Wolfgang Lange
Andy Warhol
oder die Wiederaufbereitung der Kunst aus dem Geiste der Kulturindustrie
Im Herbst 1986 präsentierte die Galerie d’Offay in London die allerletzte Creation von Warhol Enterprises, eine Reihe großformatiger Porträts des jüngstverstorbenen Altmeisters der Pop-art. Anlaß genug, über den vielgeschmähten und vielgerühmten Magier und Scharlatan auf dem Aktualitätenmarkt Kunst einige Reflexionen auszustreuen, darüber nachzudenken, was Pop war und aus Pop wurde, und was Pop innerhalb der Geschichte der modernen Kunst bedeutet.

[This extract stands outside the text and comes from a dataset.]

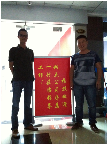 谷什食品科技潘总(右)到动点交流指导,并与动点房总(左)合影留念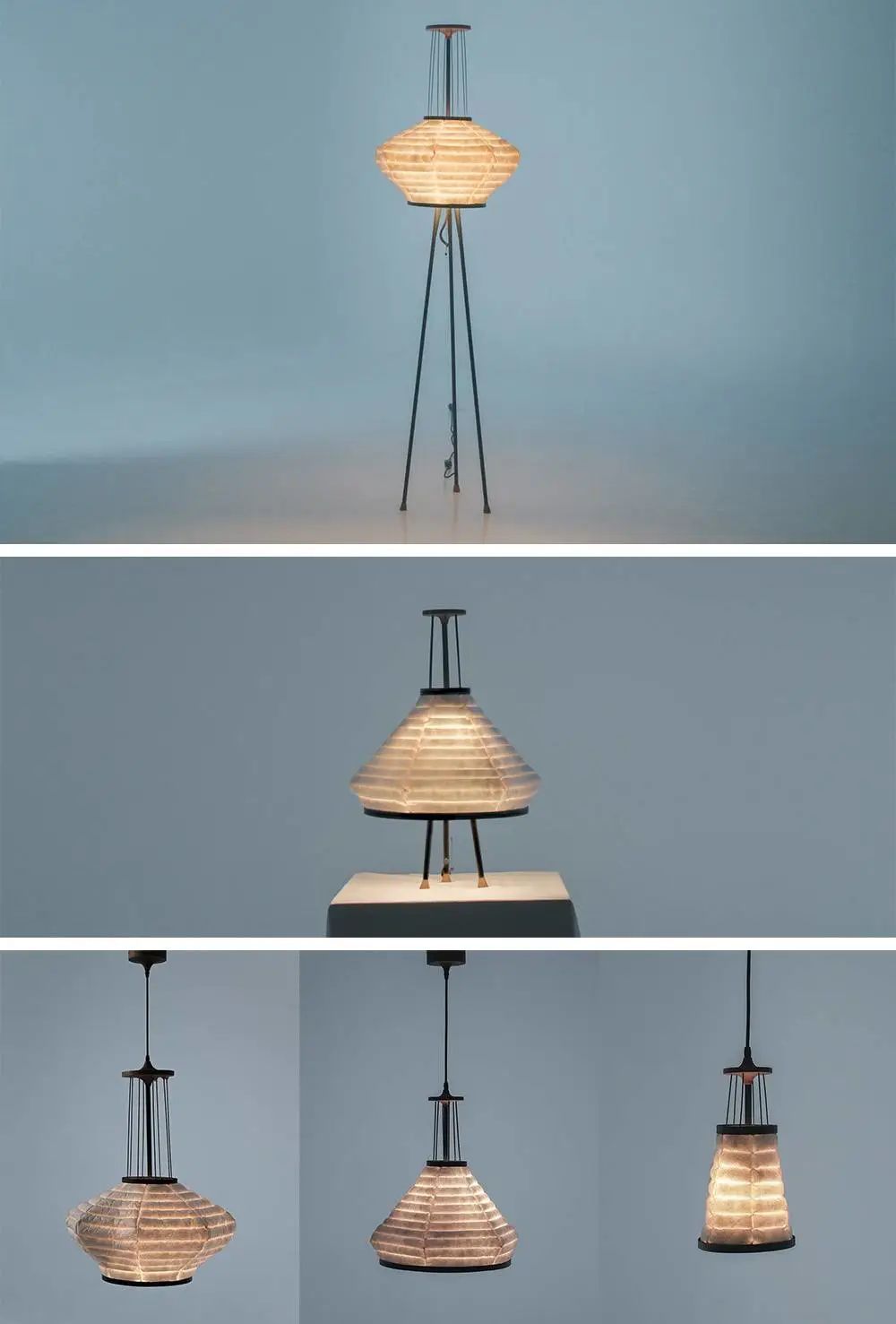 命名为「Tamashi Jiwa——空间的灵魂」的灯具就这样诞生了。这是一系列手工制作的日本纸灯,包含台灯、吊灯和落地灯多种款式。

Auffallend ist die Monumentalität dieser, wie üblich gleich in Serie produzierten Bildnisse; keines der ausgestellten Bilder unterschreitet im Umfang die ZweiMetermalzweiMeterMarke, einige reichen weit darüber hinaus. Als Basis dieser Porträts ist ein Foto verwendet worden, das die alters- und geschlechtslose Physiognomie Warhols frontal vor dunklem Grund zeigt. Alle Spuren von Individualität sind restlos getilgt; hätte man Warhol auf Abbildungen nicht schon tausendmal gesehen, man hätte keinen Anhaltspunkt, um was für eine Person es sich hier handelt. Am ehesten noch könnte man versucht sein zu glauben, man werde mit einem neuen, außerplanetarischen Mitglied des Raumschiffes Enterprise konfrontiert: vor dem Hintergrund eines schwarzen, von einigen kleinen Lichtpunkten durchsetzten Sternenhimmels, das Gesicht eines Fremden, dessen starrer, ausdrucksloser Blick einen auf Distance zu halten sucht und dessen silberweißer Haarschopf wie von kosmischen Winden zerzaust in der Eiseskälte des Universums zu einem bizarren Gebilde gefroren scheint. Immer wieder dasselbe Bild: Ein Mensch, der vom Himmel fiel, in verschiedenen Variationen; einfach in Schwarz und Weiß, scharlachrot getönt, oder aber aufgelockert und verfremdet durch eine Kolorierung, deren Tarnfarbenmuster auf Warhols Berührungsphobie verweist, auf seinen Wunsch, Anonymität…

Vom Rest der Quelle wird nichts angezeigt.